| Data segment |
= = = =

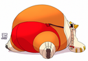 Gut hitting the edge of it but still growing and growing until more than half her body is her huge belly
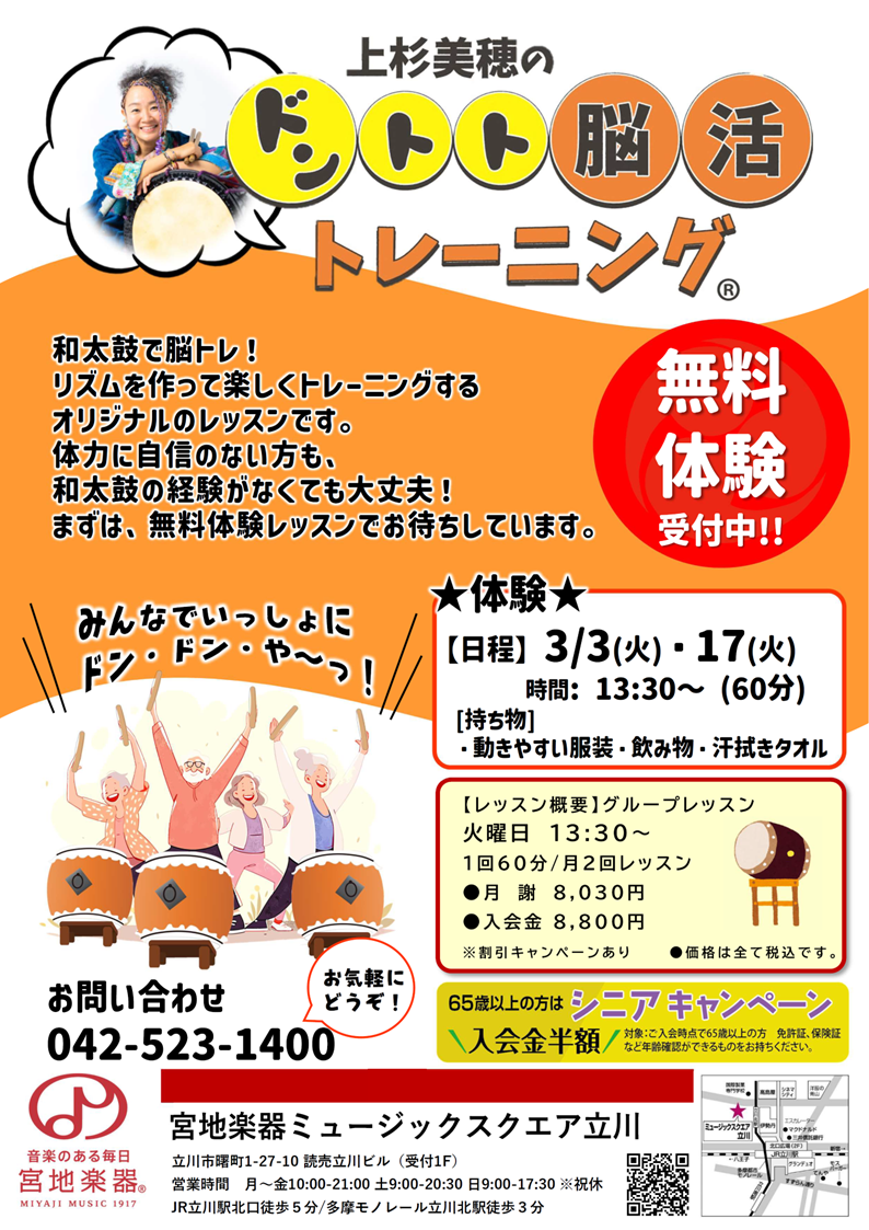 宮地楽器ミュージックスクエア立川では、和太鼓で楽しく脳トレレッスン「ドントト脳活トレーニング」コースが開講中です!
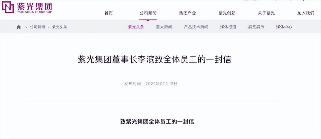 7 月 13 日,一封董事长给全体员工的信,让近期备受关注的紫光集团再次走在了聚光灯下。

= = = =

| Your goal |
Copy the data character for character, but drop all pictures from the copy.

| Task result |
 Gut hitting the edge of it but still growing and growing until more than half her body is her huge belly
 宮地楽器ミュージックスクエア立川では、和太鼓で楽しく脳トレレッスン「ドントト脳活トレーニング」コースが開講中です!
 7 月 13 日,一封董事长给全体员工的信,让近期备受关注的紫光集团再次走在了聚光灯下。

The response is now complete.